La conversación fue a finales de 2015, cuando Sampaoli iba de salida de la selección, Jadue ya alojaba en Miami y la ANFP era un incendio. Yo trabajaba en TVN y uno de los comentaristas del canal era Luis María Bonini, el recordado y fallecido PF de la época de Bielsa. Conocedor profundo de la “generación dorada”, Bonini sostenía que más allá de las características profesionales que tuviera el sucesor de Sampaoli (en ese momento, Salah y Fazio negociaban con Pizzi), se necesitaba una voz de mando fuerte en el staff técnico. No solo alguien que inspirara respeto profesional, digamos, sino que tuviera “autoridad” práctica dentro del camarín, con lo que eso implica en términos de disciplina y exposición pública, por ejemplo.
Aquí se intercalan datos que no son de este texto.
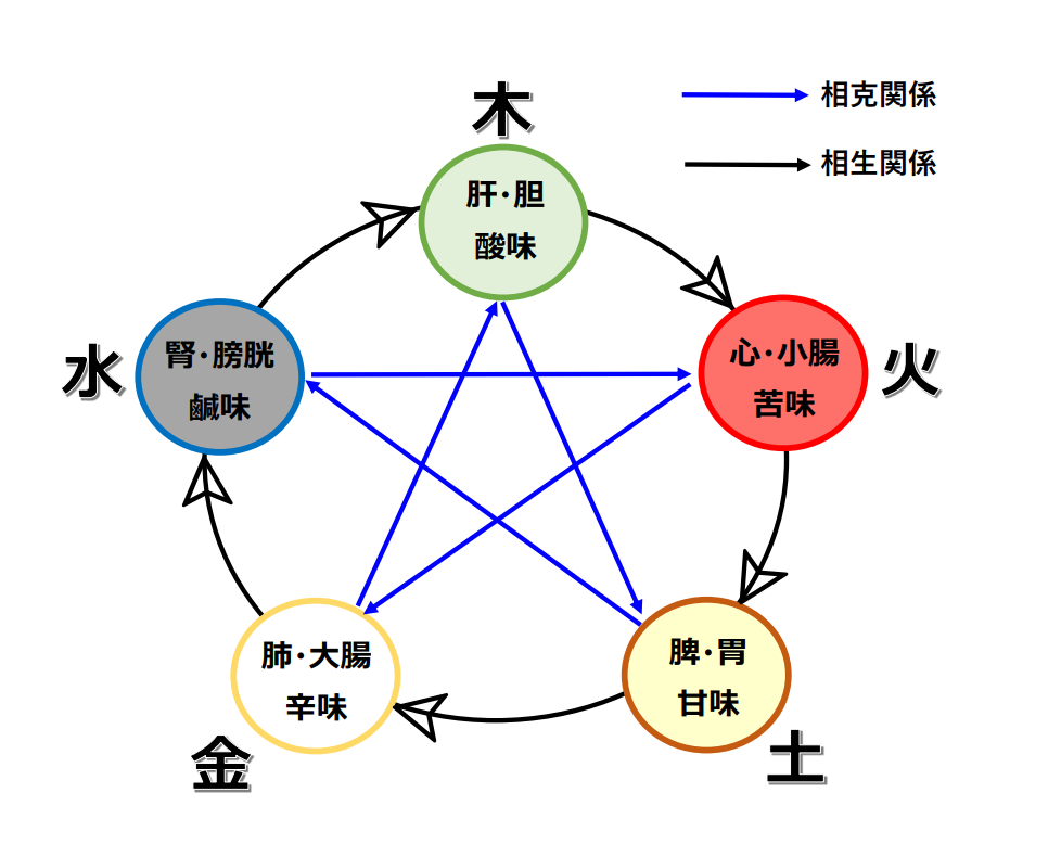 酸味:肝・胆」「苦味:心・小腸」「甘味:脾・胃」「辛味:肺・大腸」「鹹味(かんみ):腎・膀胱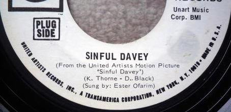 1.Sinful Davey(K.Thorne - D.Black) 2:22 Sung by Ester Ofarim

Esa fue una de las gracias de la dupla Bielsa-Bonini: cumplió con ambos roles y además tuvo la ventaja de que, en sus tiempos, los pilares de la Roja eran aún muy jóvenes y recién asomaban sus narices en la alta competencia europea; no estaban consolidados y tenían mejor “disposición” a escuchar (al menos sin los audífonos puestos) cuando les llegaba algún “consejo” perentorio.
El tiempo demostraría que Pizzi y su cuerpo técnico no cumplieron con el requisito que pedía Bonini (tampoco el de Sampaoli), lo que avivó la cueca de los liderazgos personales, los mensajitos, las rabietas, las desconocidas, las “banditas”, con el resultado que ya conocemos: Chile fuera del Mundial de Rusia, el camarín en proceso de partición y un rendimiento en la cancha en franco declive.
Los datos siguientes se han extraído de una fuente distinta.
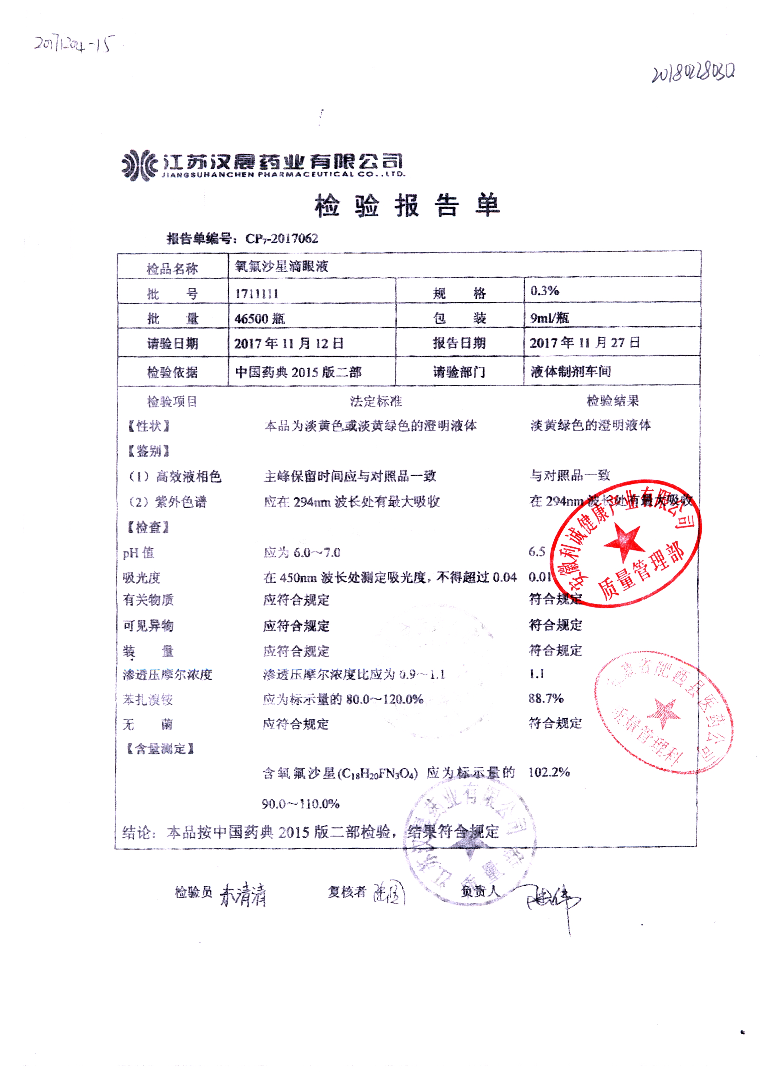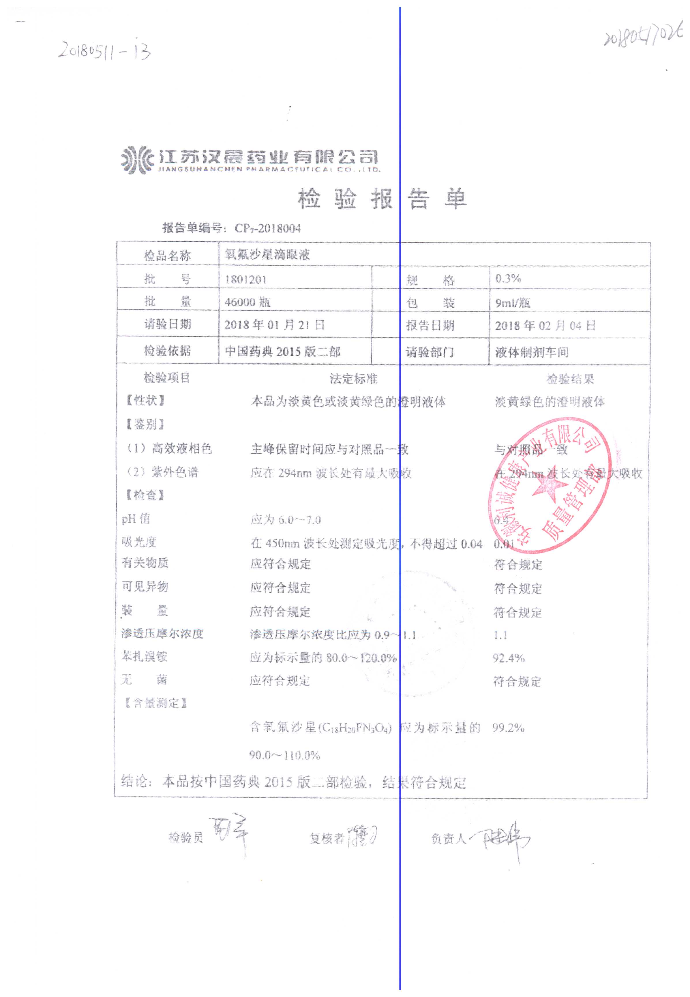 | 氧氟沙星滴眼液 | 9ml | 1801201 | 查看詳情 |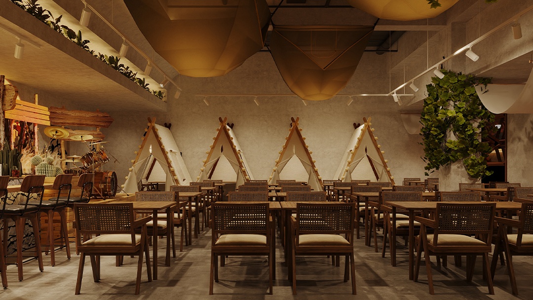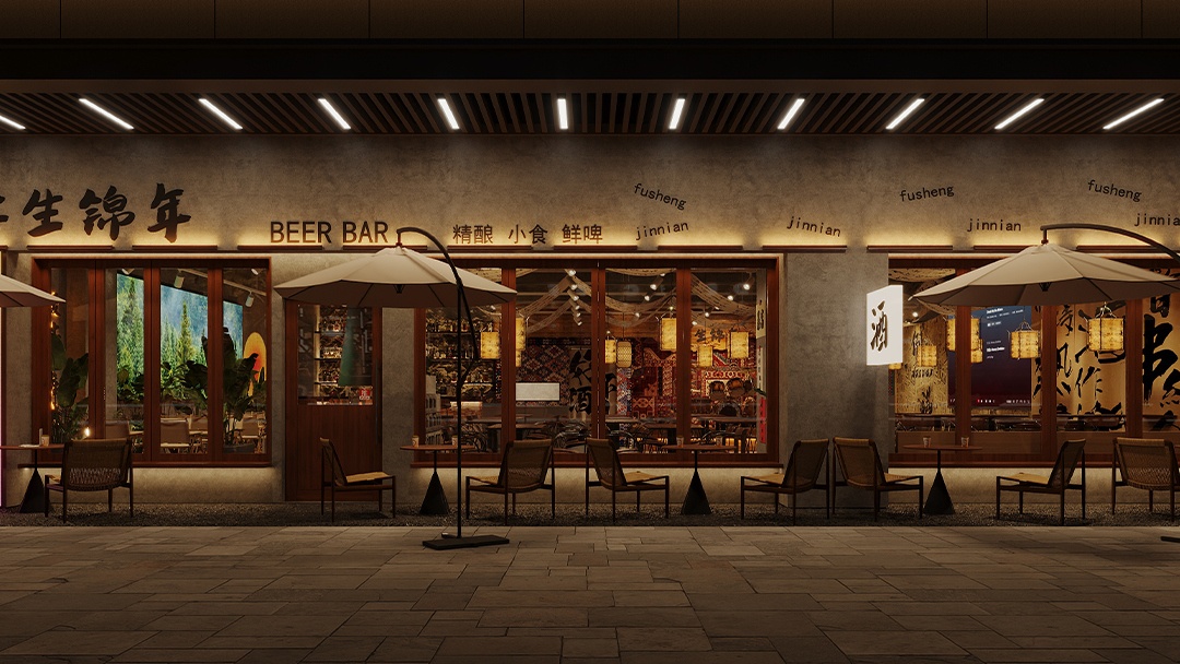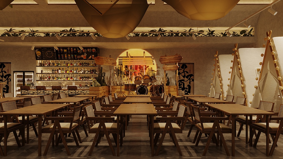 杭州露營風(fēng)戶外酒吧裝修設(shè)計(jì),本案以“都市曠野聚落”為概念,將山系美學(xué)植入城市夜生活??臻g鋪陳礫石地與仿真草坪,搭配復(fù)古煤油燈串與天幕系統(tǒng)。中心區(qū)域架設(shè)篝火裝置與折疊椅環(huán)座,吧臺(tái)由改裝露營車箱體構(gòu)成。墻面運(yùn)用防銹鋼板與回收木料,嵌入戶外裝備展示架與多功能電源接口。頂部懸掛星空投影網(wǎng),結(jié)合隱藏式取暖設(shè)備與驅(qū)蚊系統(tǒng),營造全天候可用的沉浸式戶外社交場(chǎng)景。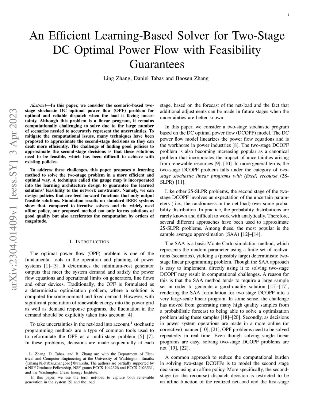 In this paper, we consider the scenario-based two-stage stochastic DC optimal power flow (OPF) problem for optimal and reliable dispatch when the load is facing uncertainty. Although this problem is a linear program, it remains computationally challenging to solve due to the large number of scenarios needed to accurately represent the uncertainties. To mitigate the computational issues, many techniques have been proposed to approximate the second-stage decisions so they can dealt more efficiently. The challenge of finding good policies to approximate the second-stage decisions is that these solutions need to be feasible, which has been difficult to achieve with existing policies. To address these challenges, this paper proposes a learning method to solve the two-stage problem in a more efficient and optimal way. A technique called the gauge map is incorporated into the learning architecture design to guarantee the learned solutions' feasibility to the network constraints. Namely, we can design policies that are feed forward functions that only output feasible solutions. Simulation results on standard IEEE systems show that, compared to iterative solvers and the widely used affine policy, our proposed method not only learns solutions of good quality but also accelerates the computation by orders of magnitude.

Con ese escenario se encontró Reinaldo Rueda cuando llegó a la selección a comienzos del año pasado. Y en su primeras declaraciones, al ser consultado por el “camarín más caliente de Sudamérica” su respuesta fue esta: “No entiendo cómo una selección tan exitosa tenga ese ‘INRI'. No sé cómo hacen para tener tanto suceso si tienen ese calificativo. Tocará enfriar el camarín con algo. No entiendo hasta dónde sea cierto todo”.
Vistos con los ojos de ahora, y con toda el agua que él mismo ha visto pasar, lo de Rueda en enero de 2018 parece casi una ingenuidad. De hecho, hay algo en el técnico colombiano que no termina de cerrar. Algo en su discurso público, algo en su tono emocional. ¿Tiene el control de la Roja o no?
El último episodio no hizo más que acrecentar las sospechas: la negativa a jugar en Lima, acordada por el equipo cuando ya estaban todos en Santiago, listos, creía Rueda, para entrenar, dejó en claro quién manda acá. Se podrá esgrimir que la situación política del país exculpa al colombiano en esta vuelta, puede ser, pero el problema de base sigue ahí, acechando.
Rueda tampoco colaboró mucho al lanzar la idea de que se podía marchar de la Roja: no era el mejor momento para decirlo, aunque lo creyera genuinamente y las razones tuvieran que ver con los dirigentes y no con los jugadores. No era el momento, porque en el torrente informativo que vivimos desde el 18 de octubre los contextos suelen difuminarse y quedan solo las cuñas: “Si yo vengo a trabajar en el fútbol y no hay fútbol, me tengo que ir. Esta es una situación atípica. La gran pregunta es cuándo se va a normalizar”. Si había que apelar al corazón de los hinchas en un momento así de delicado, la elección discursiva y emocional de Rueda falló clamorosamente.
“¿Se quiere ir? Que se vaya” fue la reacción tipo de los fanáticos, que tampoco han disfrutado de una Roja particularmente lustrosa desde que él está a cargo.Y aunque nadie puede dudar de las credenciales del colombiano —su currículum, el cuarto lugar en la Copa América y unas eliminatorias todavía intactas siguen avalándolo—, ni tampoco del éxito en la solución blanda y de largo plazo que encontró para el “caso Bravo”, es un hecho que, para agarrar bien las riendas de este caballo chúcaro que es la selección, le hace falta, mucha falta, alguien como Bonini y su vozarrón. ¿Hay de dónde sacarlo?